- Arabic name: الكتلة الوطنية التركمانية السورية
- Leader: Yusuf Mulla
- Founded: 15 February 2012
- Preceded by: Syrian Turkmen Group, Syrian Turkmen Movement
- Headquarters: Turkey
- Military wing: Syrian Turkmen Brigades (controlling the forces of Latakia and the western front)
- Ideology: Syrian Turkmens' interests Turkish nationalism Pro-Europeanism
- National affiliation: Syrian Turkmen Assembly, Syrian National Council, Syrian National Coalition

= Syria Turkmen Bloc =

The Syria Turkmen Bloc (Suriye Türkmen Kitlesi) or Syrian Turkmen National Bloc (الكتلة الوطنية التركمانية السورية) is one of the two major opposition movements of Syrian Turkmens. The party is headed by Yusuf Mulla.

The party was founded in Istanbul in February 2012. Still in the foundation phase, it suffered an early split, leading to the emergence of the Syrian Democratic Turkmen Movement. A reconciliatory meeting in December 2012 laid the grounds to the formation of the Syrian Turkmen Assembly. Since then, the Syrian Turkmen Bloc focused on its remaining strongholds in Latakia and Bayır-Bucak, while the Syrian Democratic Turkmen Movement focuses on Aleppo.

The founding conference was supported by Mazlum-Der, a foundation linked to the Turkish AKP. After its foundation, the party joined the National Change Current (a coalition of smaller opposition parties).
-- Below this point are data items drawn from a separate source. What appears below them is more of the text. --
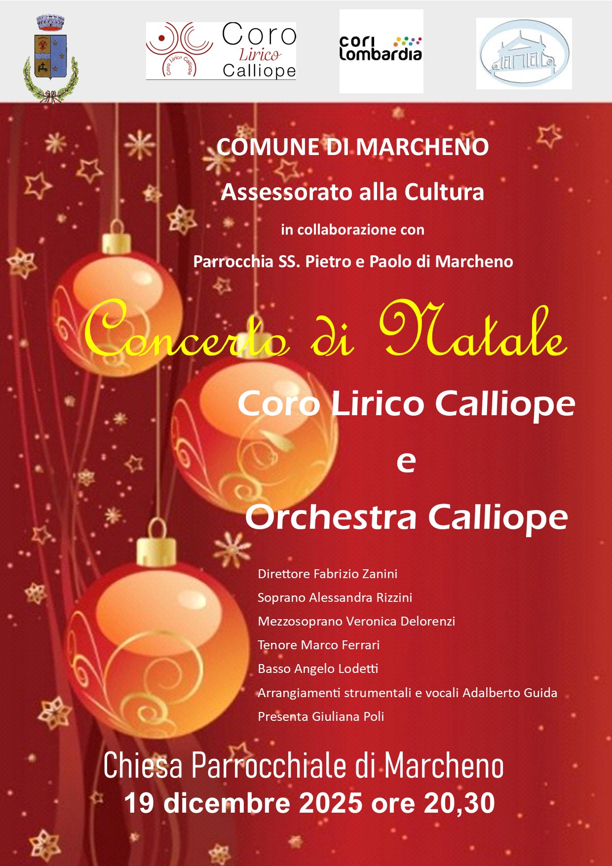 In data 19 dicembre 2025, alle or e20:30, presso la Chiesa Parrocchiale di Marcheno, si terrà un concerto natalizio a cura del Coro Lirico Calliope e dell'Orchestra Calliope.
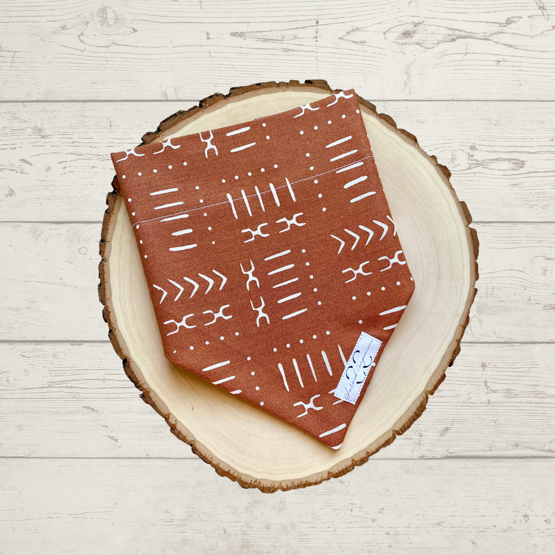 This bandana is the same pattern on both sides. It is available in either a slip-on version (which goes over the collar), or a traditional tie-on version. Your pet's name or another special request can also be added to further customize!
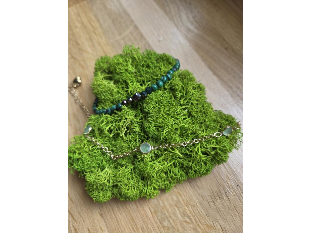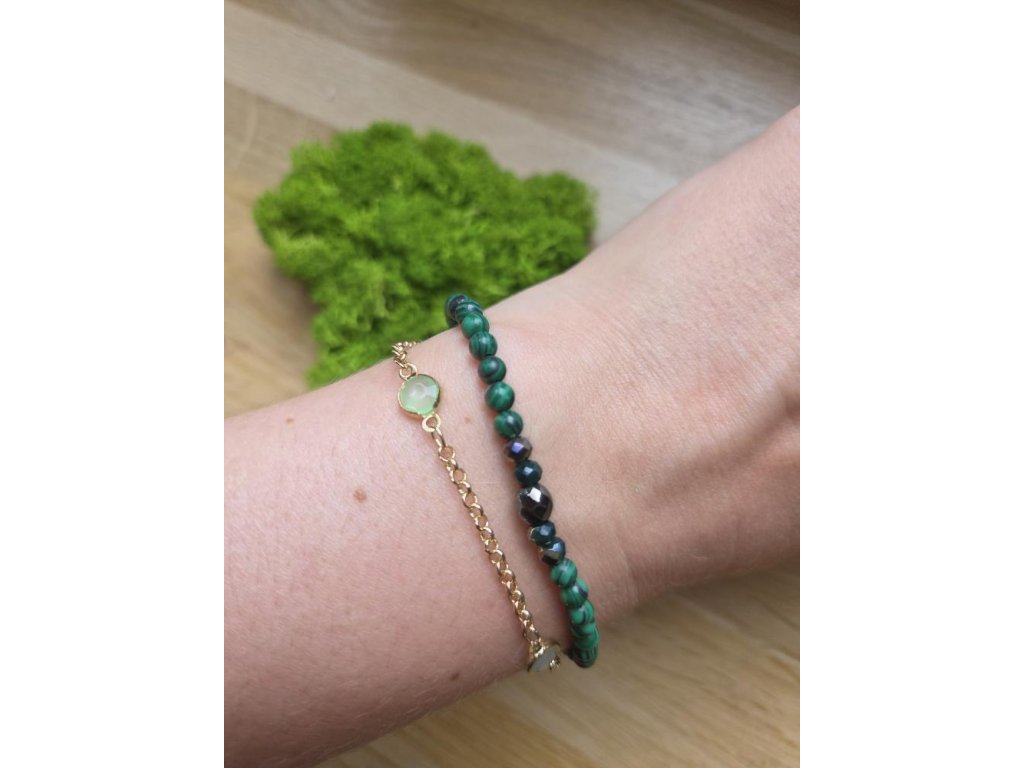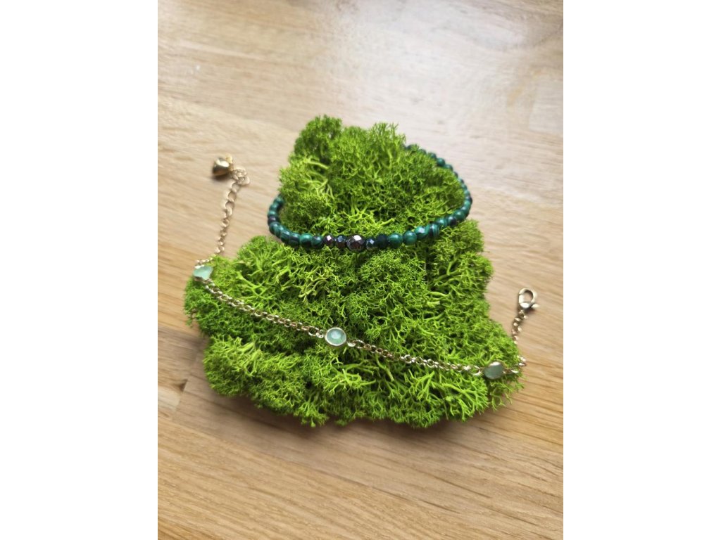 Sada náramků je sladěna do zelené barvy, jeden náramek na gumku a druhý je nastavitelný.

The representatives of the Syria Turkmen Bloc participated in the meetings for the Syrian Turkmen Assembly.

The Syria Turkmen Bloc is also associated with the Turkmen troops of Nurettin Zengi, Zahir Baybars, Al Huva Billa, Yavuz Sultan Selim, Sultan Mehmet the Conqueror, Memduh Colha, Bin Tamime, Katip Al Mustafa, Firsan Tevhid, Sukur ul Turkmen (Turkmen Falcons), which are all under the control of Brigade of Turkmen Mountain led by Muhammad Awad in the Latakia province.